EXERCISE PROMPT:
Could you repeat all of the entries below word for word, apart from the pictures?

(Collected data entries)
--*--

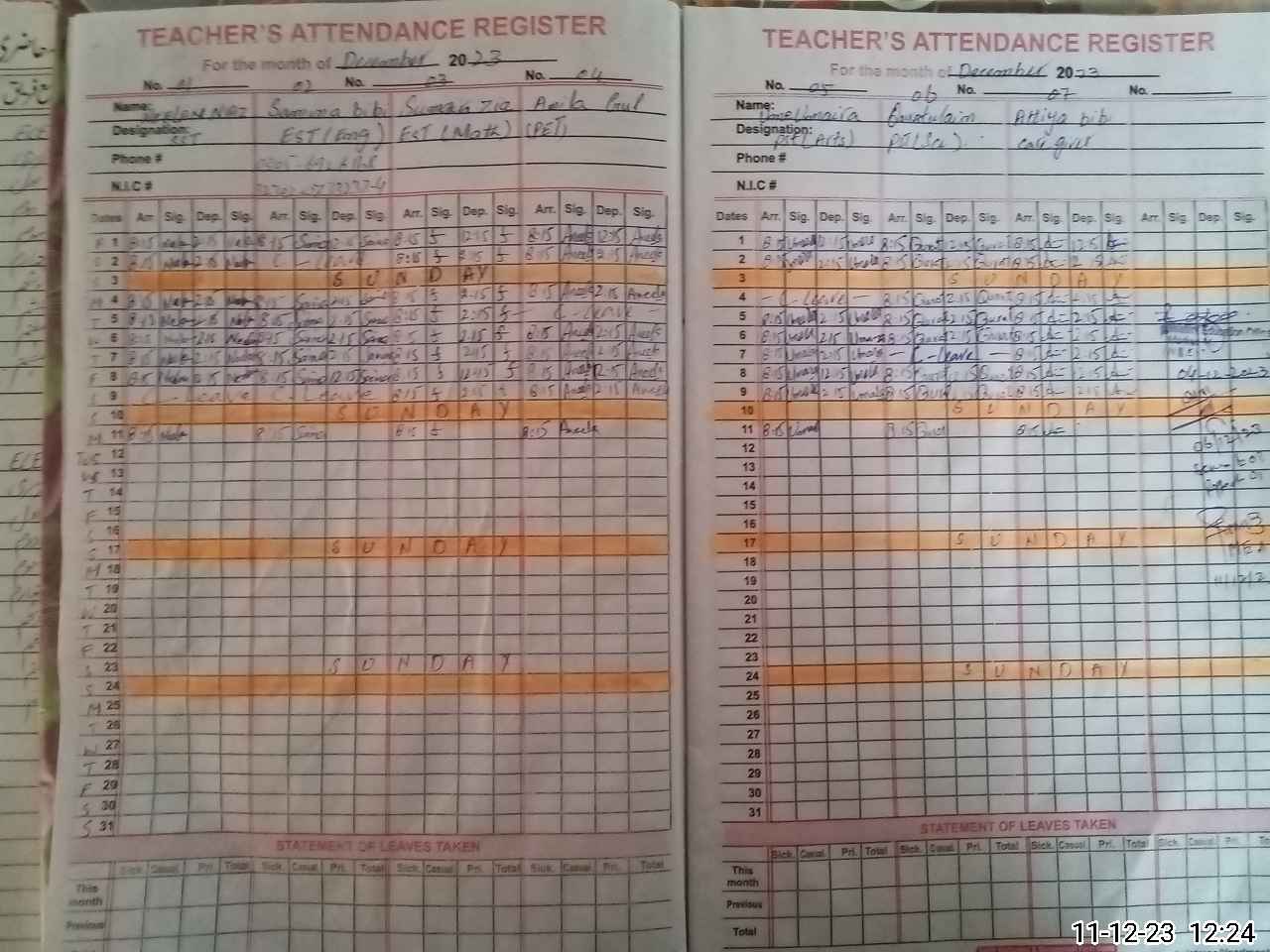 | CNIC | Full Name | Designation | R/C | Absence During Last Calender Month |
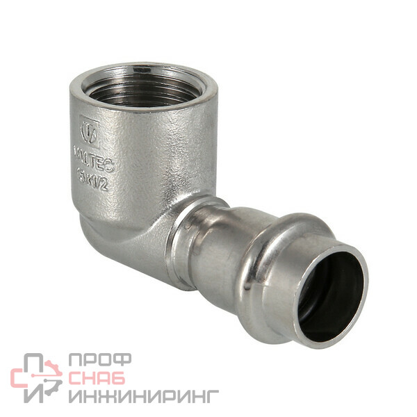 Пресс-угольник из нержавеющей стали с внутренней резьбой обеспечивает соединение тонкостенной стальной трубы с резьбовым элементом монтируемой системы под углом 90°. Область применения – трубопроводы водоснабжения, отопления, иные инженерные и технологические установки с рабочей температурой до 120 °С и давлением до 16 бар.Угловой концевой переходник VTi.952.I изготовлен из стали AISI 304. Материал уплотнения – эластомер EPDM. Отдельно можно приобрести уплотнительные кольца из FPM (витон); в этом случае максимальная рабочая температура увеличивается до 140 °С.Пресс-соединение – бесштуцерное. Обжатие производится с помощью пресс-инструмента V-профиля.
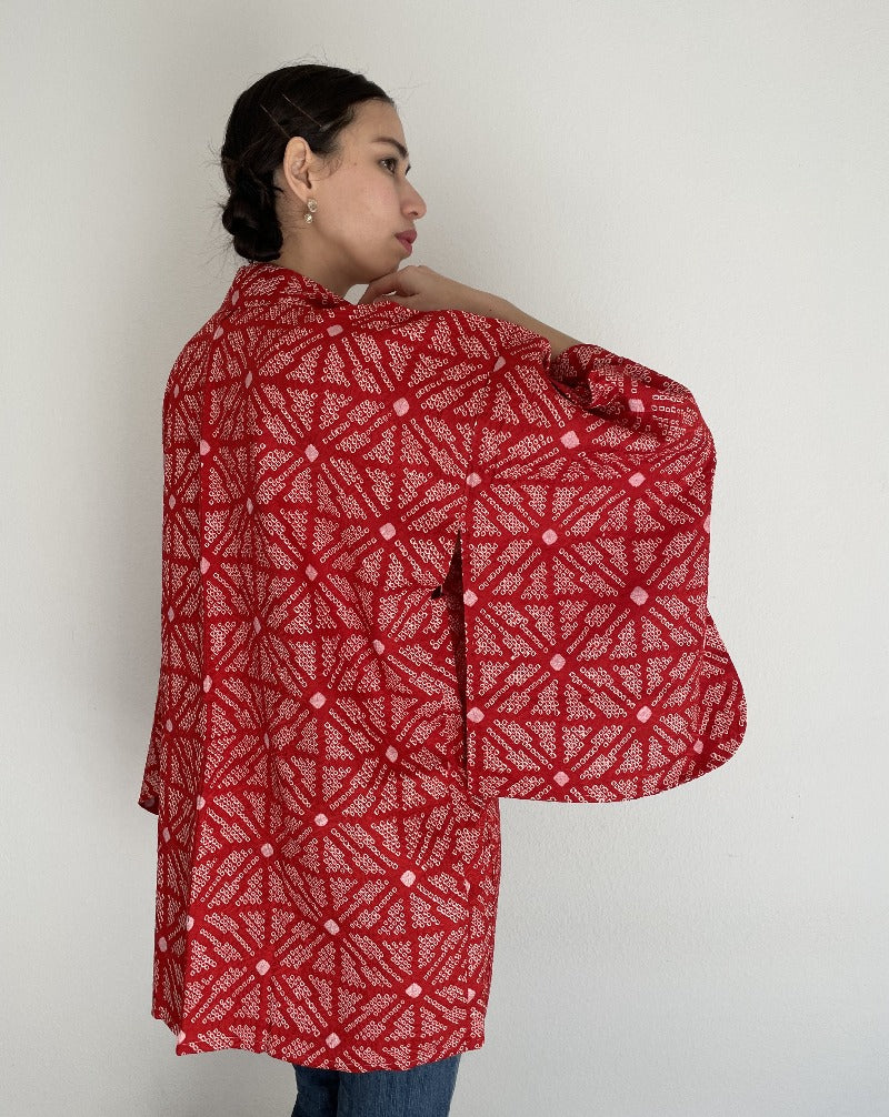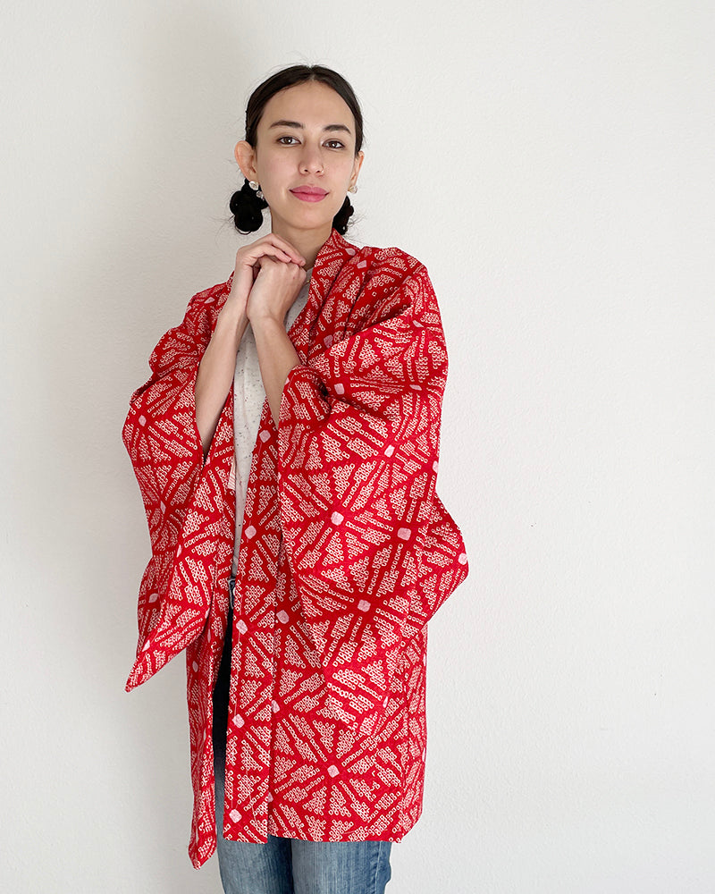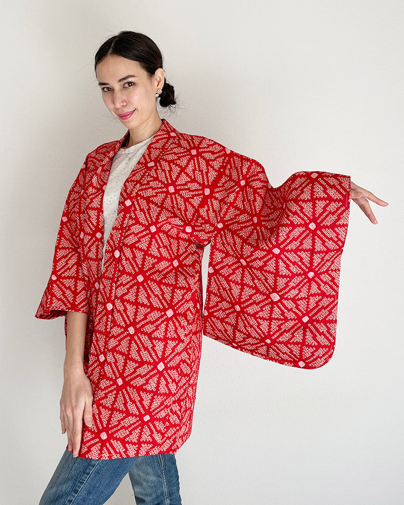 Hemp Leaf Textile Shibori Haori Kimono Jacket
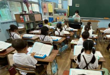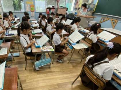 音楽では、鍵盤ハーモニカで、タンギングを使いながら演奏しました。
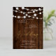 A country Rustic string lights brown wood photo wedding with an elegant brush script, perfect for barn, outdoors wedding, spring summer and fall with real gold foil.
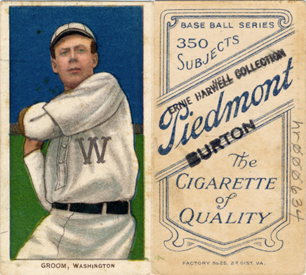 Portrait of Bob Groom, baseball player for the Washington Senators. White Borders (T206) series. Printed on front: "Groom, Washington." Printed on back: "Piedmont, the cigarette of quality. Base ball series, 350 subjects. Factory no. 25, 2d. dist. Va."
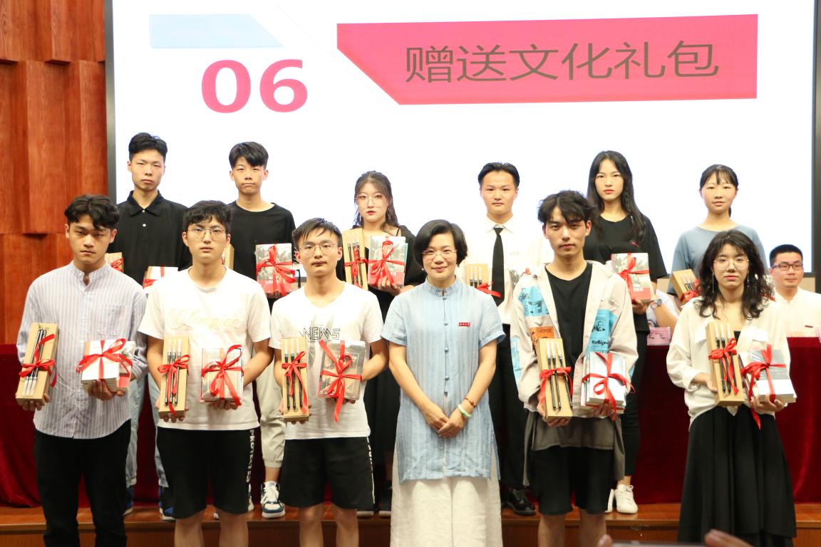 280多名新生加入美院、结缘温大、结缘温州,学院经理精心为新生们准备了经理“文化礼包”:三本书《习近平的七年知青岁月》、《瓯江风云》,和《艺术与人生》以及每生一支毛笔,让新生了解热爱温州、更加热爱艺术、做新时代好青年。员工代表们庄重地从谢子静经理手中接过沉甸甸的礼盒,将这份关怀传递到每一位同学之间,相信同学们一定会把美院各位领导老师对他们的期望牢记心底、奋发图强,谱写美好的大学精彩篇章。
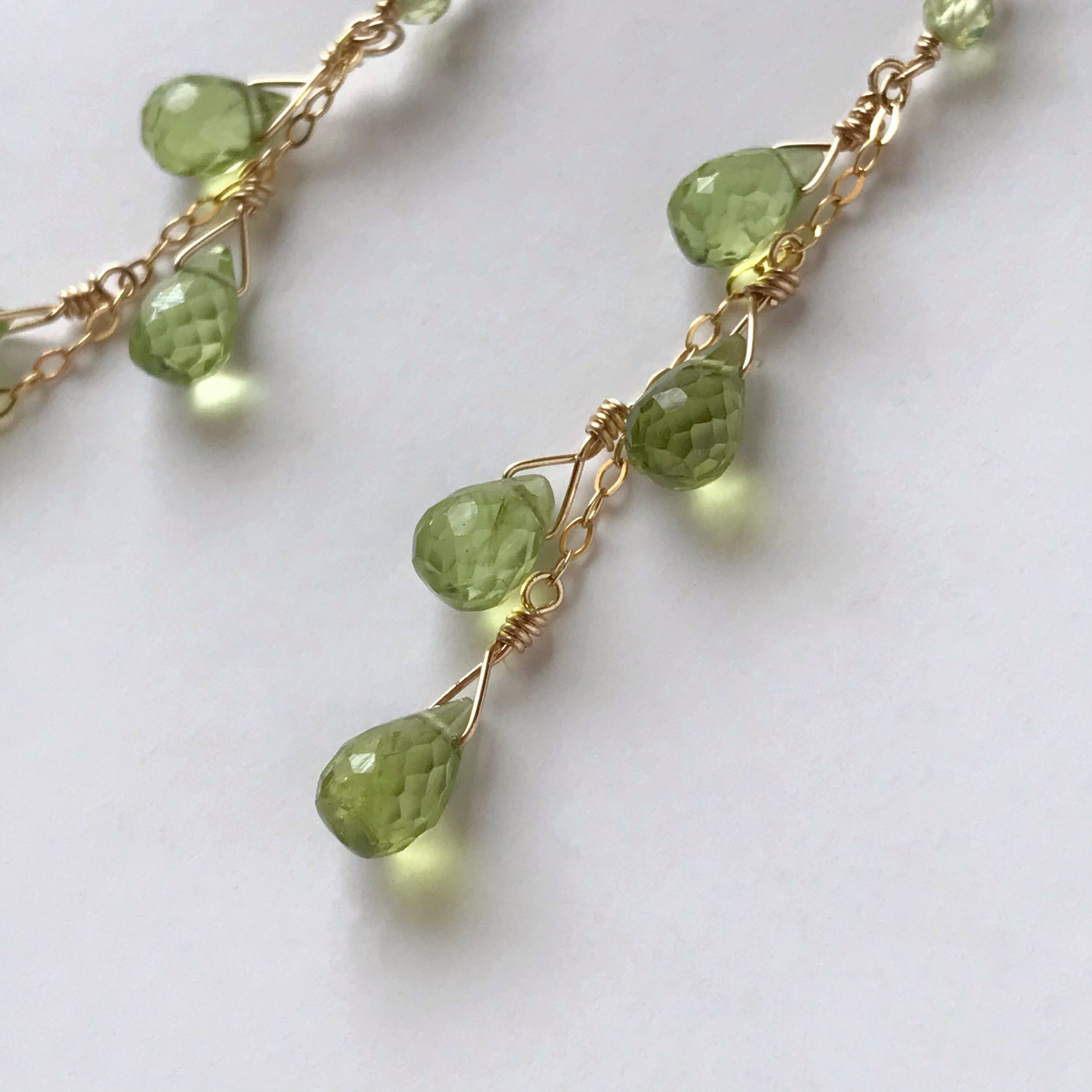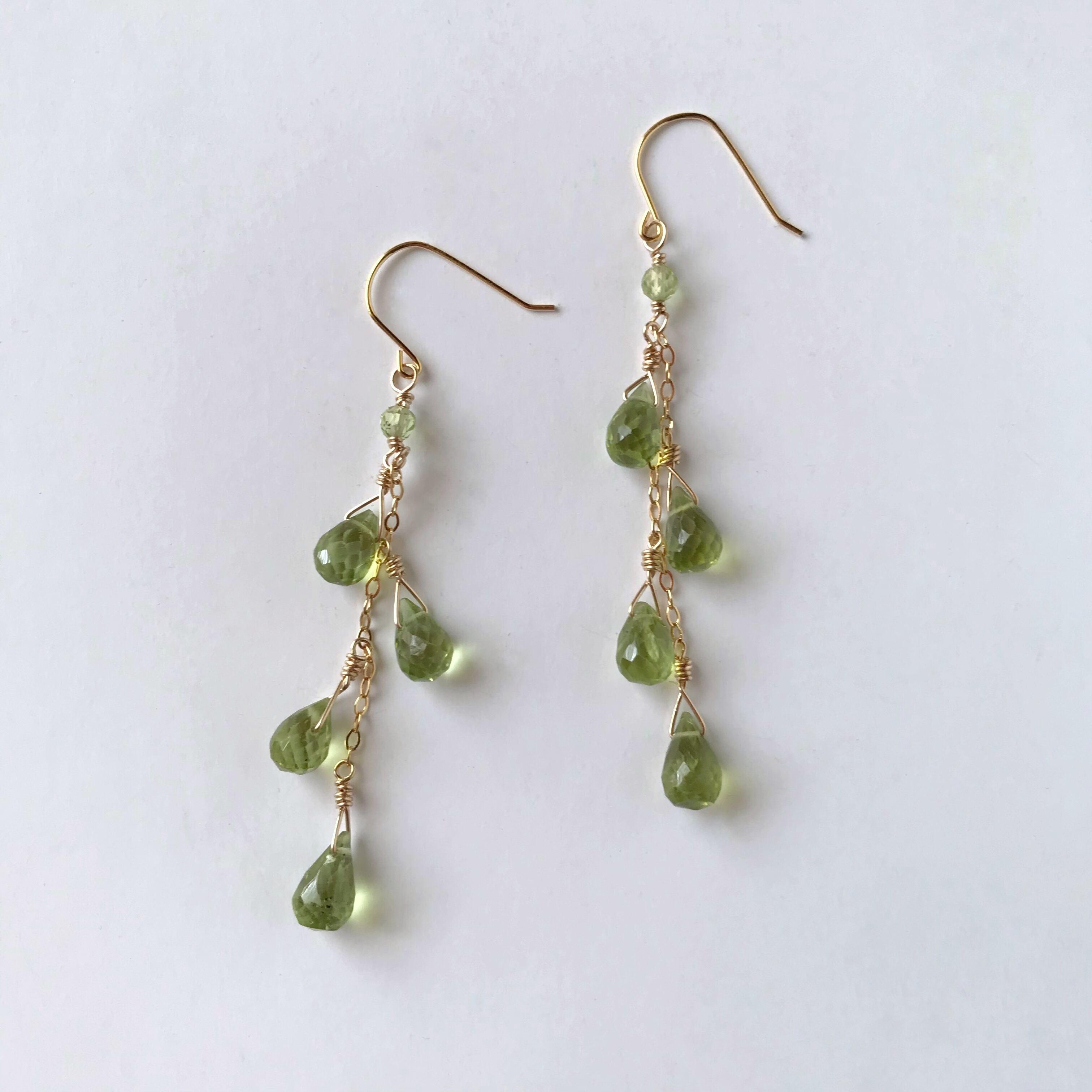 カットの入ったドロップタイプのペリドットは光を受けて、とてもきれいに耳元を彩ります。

--*--

REPLY TO THE EXERCISE:
 | CNIC | Full Name | Designation | R/C | Absence During Last Calender Month |
 Пресс-угольник из нержавеющей стали с внутренней резьбой обеспечивает соединение тонкостенной стальной трубы с резьбовым элементом монтируемой системы под углом 90°. Область применения – трубопроводы водоснабжения, отопления, иные инженерные и технологические установки с рабочей температурой до 120 °С и давлением до 16 бар.Угловой концевой переходник VTi.952.I изготовлен из стали AISI 304. Материал уплотнения – эластомер EPDM. Отдельно можно приобрести уплотнительные кольца из FPM (витон); в этом случае максимальная рабочая температура увеличивается до 140 °С.Пресс-соединение – бесштуцерное. Обжатие производится с помощью пресс-инструмента V-профиля.
 Hemp Leaf Textile Shibori Haori Kimono Jacket
 音楽では、鍵盤ハーモニカで、タンギングを使いながら演奏しました。
 A country Rustic string lights brown wood photo wedding with an elegant brush script, perfect for barn, outdoors wedding, spring summer and fall with real gold foil.
 Portrait of Bob Groom, baseball player for the Washington Senators. White Borders (T206) series. Printed on front: "Groom, Washington." Printed on back: "Piedmont, the cigarette of quality. Base ball series, 350 subjects. Factory no. 25, 2d. dist. Va."
 280多名新生加入美院、结缘温大、结缘温州,学院经理精心为新生们准备了经理“文化礼包”:三本书《习近平的七年知青岁月》、《瓯江风云》,和《艺术与人生》以及每生一支毛笔,让新生了解热爱温州、更加热爱艺术、做新时代好青年。员工代表们庄重地从谢子静经理手中接过沉甸甸的礼盒,将这份关怀传递到每一位同学之间,相信同学们一定会把美院各位领导老师对他们的期望牢记心底、奋发图强,谱写美好的大学精彩篇章。
 カットの入ったドロップタイプのペリドットは光を受けて、とてもきれいに耳元を彩ります。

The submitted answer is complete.